Significance and context
Hedgehog (Hh) proteins are evolutionarily conserved signaling molecules that can act over several cell diameters and are implicated in a range of developmental processes. They are synthesized as precursor proteins that are secreted and undergo autoproteolytic cleavage to generate a biologically active amino-terminal fragment (Hh-N). Concomitant with cleavage, a cholesterol moiety is added to the carboxyl terminus of Hh-N that allows it to bind to cell membranes and restricts its range of action. Diffusion of Hh-N is further restricted by sequestration by its receptor, Patched (Ptc). The presence of the cholesterol anchor on Hh-N raises the question of how it is released from signaling cells. Burke et al. show that the product of the dispatched gene is a protein with a sterol-sensing domain; this protein releases Hh-N from signaling cells.
To identify additional genes acting in the Hh signaling pathway, a collection of P-element-induced lethal mutations on the third chromosome was screened for hedgehog (hh)-like phenotypes. One such mutation (l(3)S03770) was named dispatched (disp) and, by clonal analysis in the adult wing, shown to be specific for the Hh pathway. The disp gene was cloned by virtue of the P-element insertion, cDNAs were isolated and the nucleotide sequence determined. The predicted protein of 1,218 amino acids has 12 putative transmembrane domains and shows some similarity to Drosophila and vertebrate Ptc and Niemann-Pick type C (NPC1) proteins in a putative sterol-sensing domain (SSD). Outside this region similarity is weak, and the authors suggest that Disp, along with a Caenorhabditis elegans Disp homolog, represents a new family of SSD-containing proteins. Further clonal analysis in wing imaginal discs showed that Disp functions only in Hh-secreting cells and plays no part in transducing the Hh signal, despite its similarity to Ptc. Fully processed Hh-N is observed in disp homozygotes, demonstrating that Disp has no role in proteolytic cleavage. Levels of Hh protein were, however, greatly increased in disp-/disp- cells, with a concomitant decrease in receiving cells, indicating that Hh is being retained in the mutant.

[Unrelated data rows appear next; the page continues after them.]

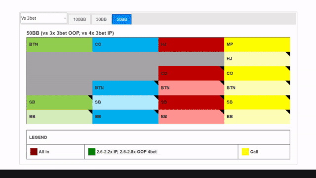 一旦筹码量趋近50BB,大多数场合最喜欢的 4bet尺度是全压。但在某些场合他建议采用一种窄范围的非全压4bet策略,同时搭配一种宽范围的4bet全压范围。例如,筹码量50BB时他的中间位置对抗劫位3bet图表: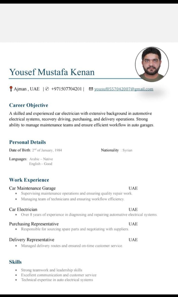 سائق خبرة طويلة في البلد من عام 2006 وكهربائي سيارات ومدير ورشة وعملت في مجال مندوب مشتريات يوجد سيارة حديثة 7 راكب موديل 2024 أربعة سلندر ابحث عن عمل مناسب
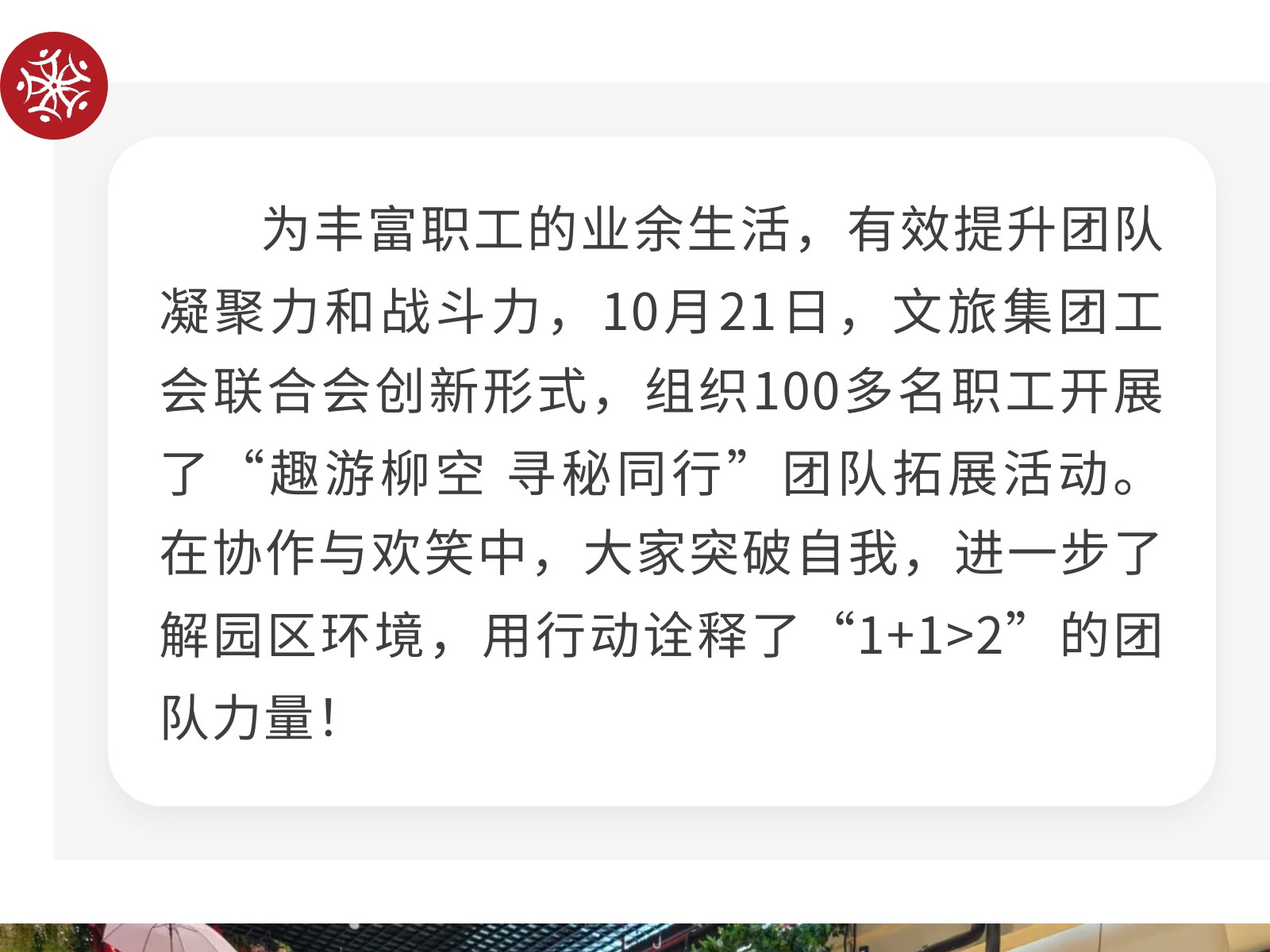 趣游柳空,尋秘同行!文旅集團開展團隊拓展活動,玩出滿滿凝聚力 發(fā)布時間:2025年10月23日 10時來源:本站原創(chuàng)瀏覽:106 人次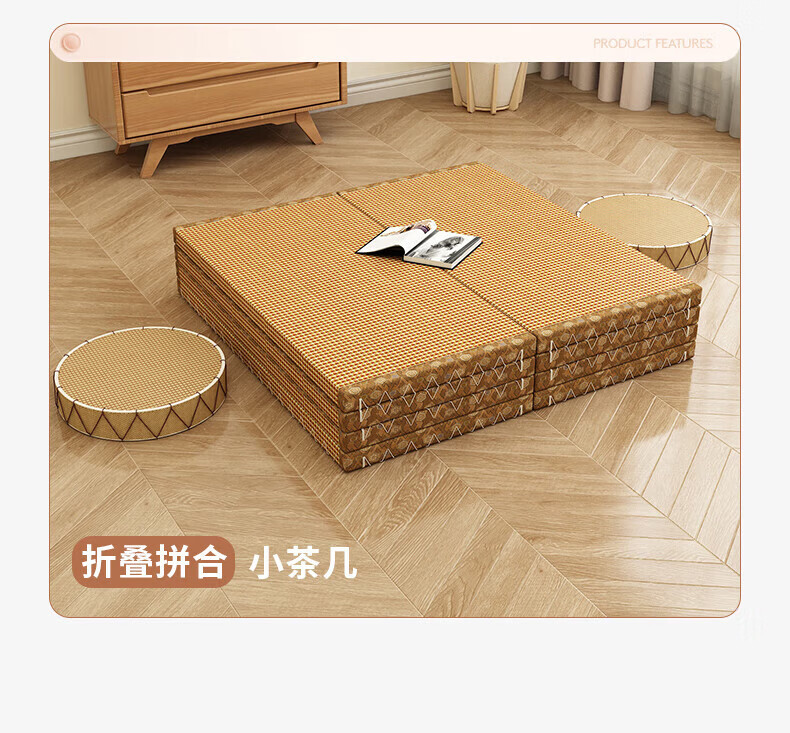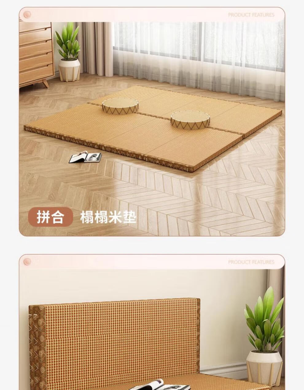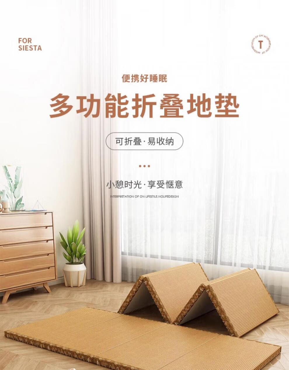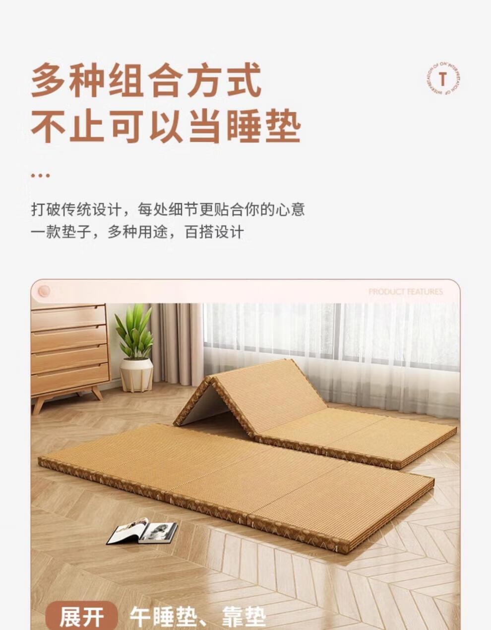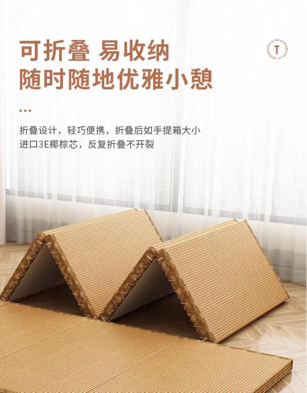 Visibility customized tatami mat Japanese-style household folding floor mat summer coconut palm plus hard floor special lunch break sleeping mat 150cm*200cm/5cm thick (4 folds)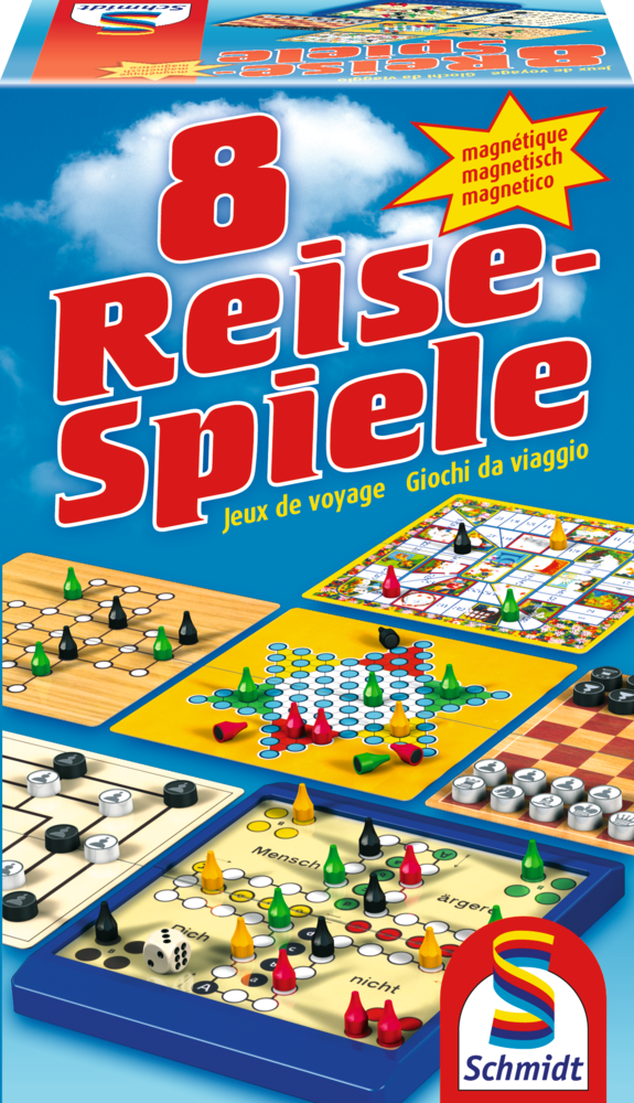 Ganz schön anziehend: Für unterwegs gibt's die magnetische Spielesammlung mit auswechselbaren Spielplänen. Das bringt gleich achtfachen Spaß, egal ob Mühle, Dame, Schach, Halma, Gänsespiel, Solitaire, Fünf in einer Reihe oder das beliebte MENSCH ÄRGERE DICH NICHT. Das klappbare Spielbrett bietet Platz für's Spielmaterial und hält alles gut zusammen.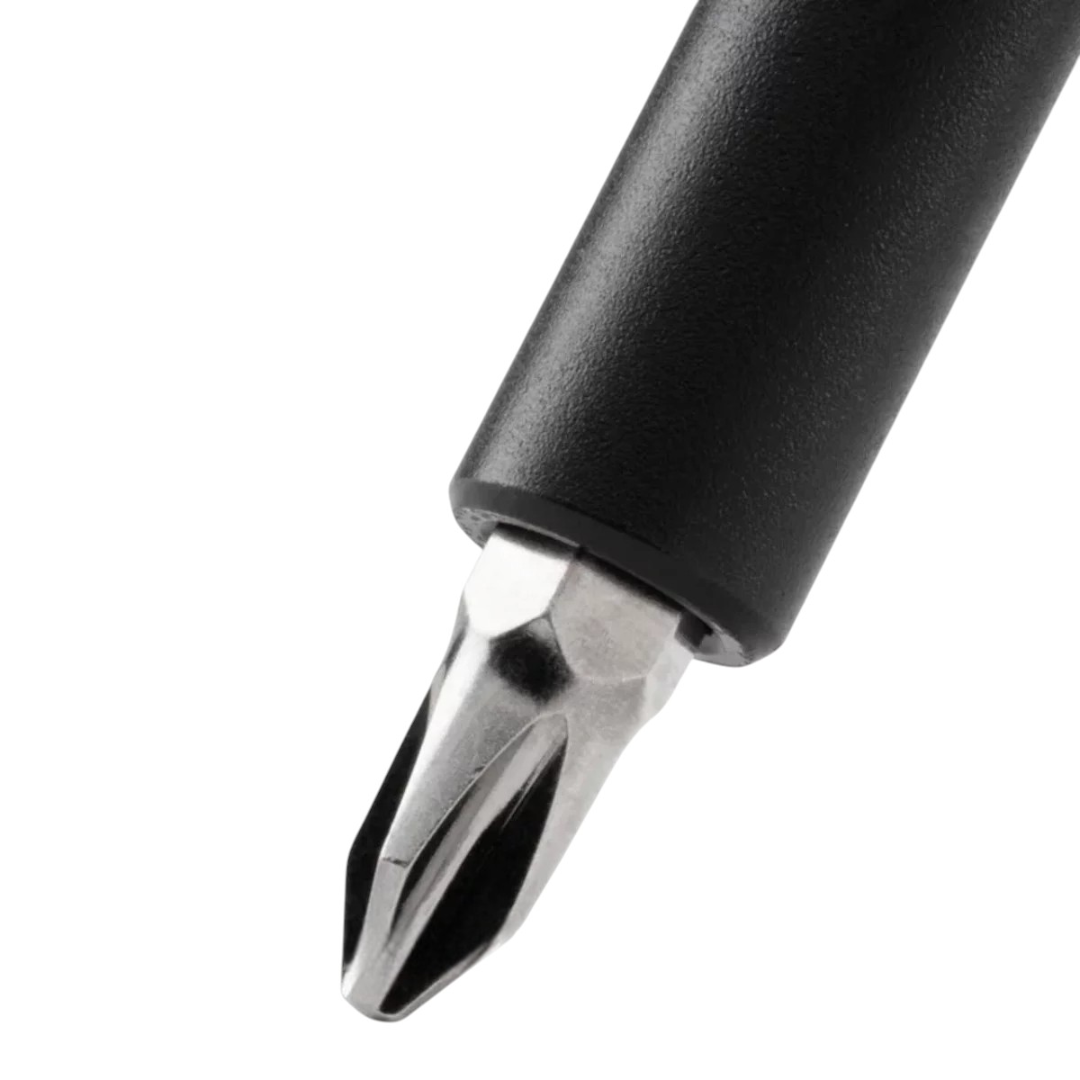 Магнитный держатель фиксирует биту и крепёж, а чёрный хром защищает стержень от коррозии.

This retention is dependent on the cholesterol moiety, as Hh-N lacking cholesterol was not retained in disp-/disp- cells.
Burke et al. make the intriguing observation that both sequestration of Hedgehog (by Ptc) and release (by Disp) involve proteins with SSDs and require the cholesterol modification of Hh-N so that, despite their inverse roles, these proteins may share a common mechanism.
This paper reports a new function for the Dispatched protein in the specific release of a cholesterol-modified protein from cell membranes. The precise mechanism by which it achieves this, and the role of the SSD remain, however, unexplained. The authors suggest a number of possibilities, but a detailed biochemical analysis is required to resolve the issue.